February 26th, 2008 at 7:52 am
Light the peak of the closest mountain in panel three and move the balloon lower in the panel, hovering over the village. Emphasize the brightness of the resort in panel four. This will get the critical mass of people making the connection before the funny timer expires.
February 29th, 2008 at 12:30 pm
For those going back in the archives, the explanation that the other posts are making reference too is this:
http://simulatedcomicproduct.com/2008/02/22/real-time-comix/
I see that the picture of old hiking gear never made it into the final comic at all. Having the guy looking at that picture, and having the word bubble cross the divide between that frame and the next two would’ve helped bring it together. Also, who is talking in the last frame, the man or woman?
March 1st, 2008 at 6:47 pm
Umm… I don’t get how one wouldn’t get this one. It was very clearly presented and quite a funny one too :).
March 5th, 2008 at 10:06 am
I get it, it’s just not funny.
March 14th, 2008 at 12:32 am
This comic, I think, would have worked better at double the size.

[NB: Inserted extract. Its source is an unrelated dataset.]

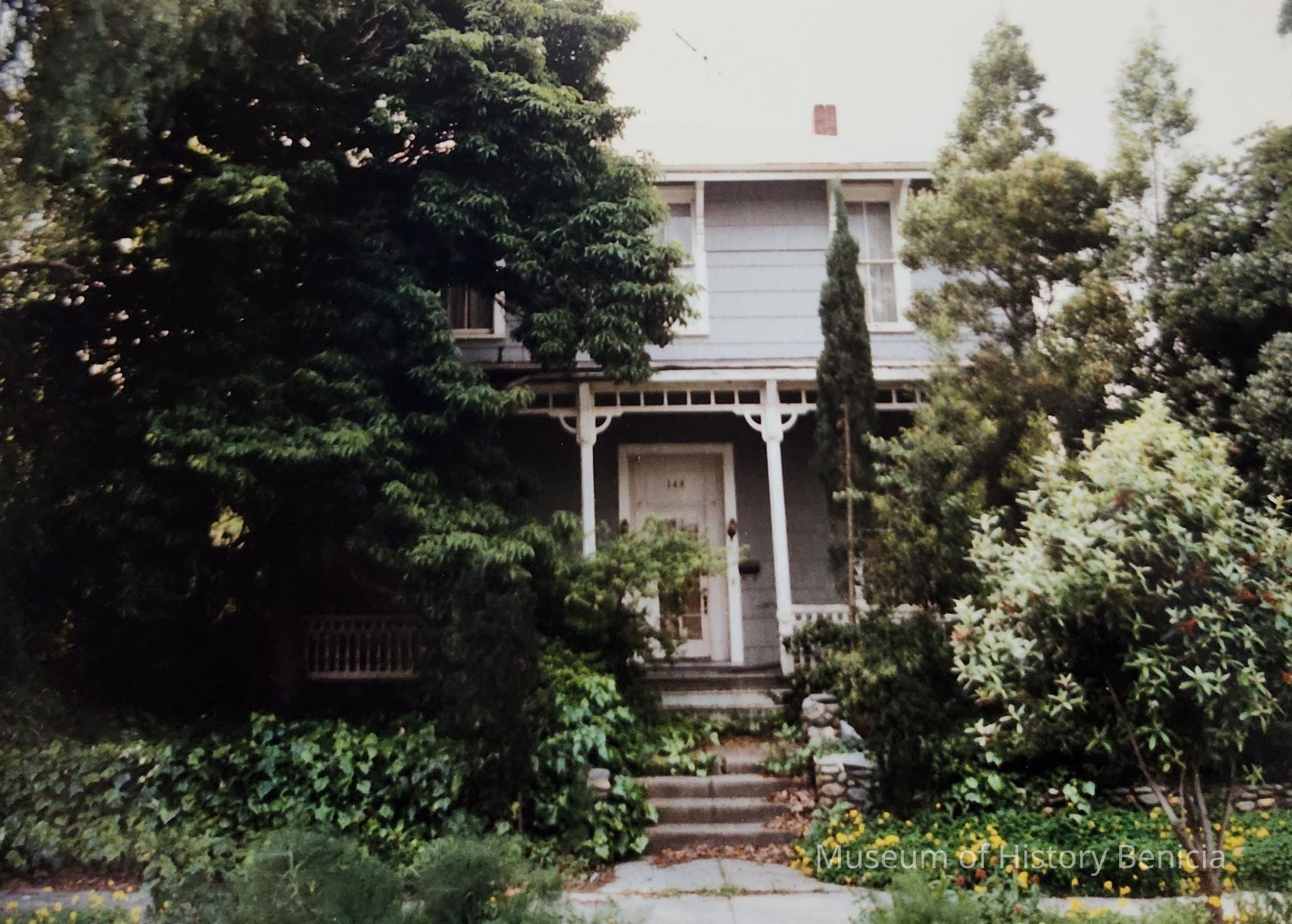 The "Coates House" is named on the 1886, 1891, and 1899 Insurance Maps and quite possibly was built as a rooming house rather than as a residence. In any case, along with the Ripson House next door this was the residence of school teachers and single professional people. F. Cummings owned bhe property in 1880 and at that time the grounds included two city lots, or 300' by 250'. This appears to be the only unremodeded or moved rooming house remaining from 19th Century Benicia and its architectural integrity, except for the asbestos siding, is intact. J.B.Johnson, City Marshall in 1904, owned the property in 1919, but he did not live there.Collection

You just can’t compress all of that ‘meaning’ into 4 small panels.
March 22nd, 2008 at 4:01 pm
I’m afraid I didn’t get the intended meaning, either. I read it as “Something horrible and glowy up in the mountains, the locals knew to leave well enough alone, but many years later, someone built a ski resort up there.” It came across as a horror-story setup more than a gag.

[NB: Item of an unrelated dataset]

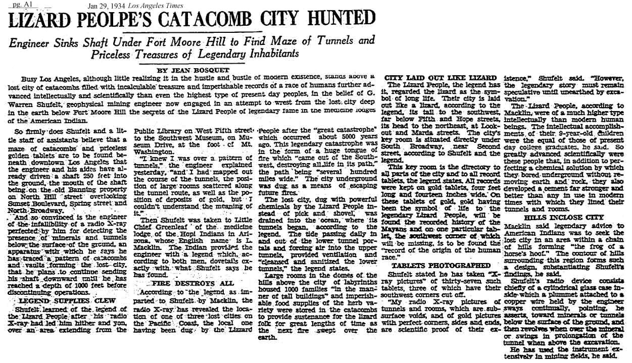 At least that’s what mining engineer W. Warren Shufelt claimed in the January 29, 1934 edition of the Los Angeles Times. According to reporter Jean Bosquet, Shufelt was ready to dig up downtown L.A. in search of this ancient subterranean civilization.

March 28th, 2008 at 1:18 am
Just wanted to say that I got it without any trouble at all. In fact, with all the fuss that people were making about NOT getting it, I reread it a few times to see if I’d missed anything. Kept reading the comments though and found that I’d been right.
Good strip, but evidently there’s a fair few people who need to pay more attention instead of expecting the explanation to be just handed to them.
April 27th, 2008 at 7:02 pm
I got it first time.
the whole reason I like your comic is because of strips like this.
please keep up the good work.
May 4th, 2008 at 6:01 pm
Very subtle. Still not that difficult to get with a single re-read. Great job!
May 27th, 2008 at 8:45 am
I loved this one very clever and leaves you thinking of the possibilities.
June 2nd, 2008 at 6:14 am
The woman is talking in the last frame. There’s a faint red tint to all of her dialogue.
June 11th, 2008 at 8:27 am
Wait, this is about time travel? I thought it had to do with a mishap on a skiing trip…
June 28th, 2008 at 11:30 am
After reading the backstory and the comments it makes sense, but I think my confusion came from the idea that that people that were isolated were on the ground, not the mountain top. The first couple of times through the comic I kept thinking the people on the mountain top were in the future, rather than those in the village in the past.
Mountain tops are isolating, you know?
But I agree with the other commenters who said that you’re doing good work here. Keep stretching!
July 15th, 2008 at 6:12 am
I had to read it a couple times, but it was pretty good.
August 9th, 2008 at 11:33 pm
It’s witty, if not entirely funny. Wasn’t hard to follow imo
August 24th, 2008 at 11:22 pm
A little bit too “The Village” for me :(.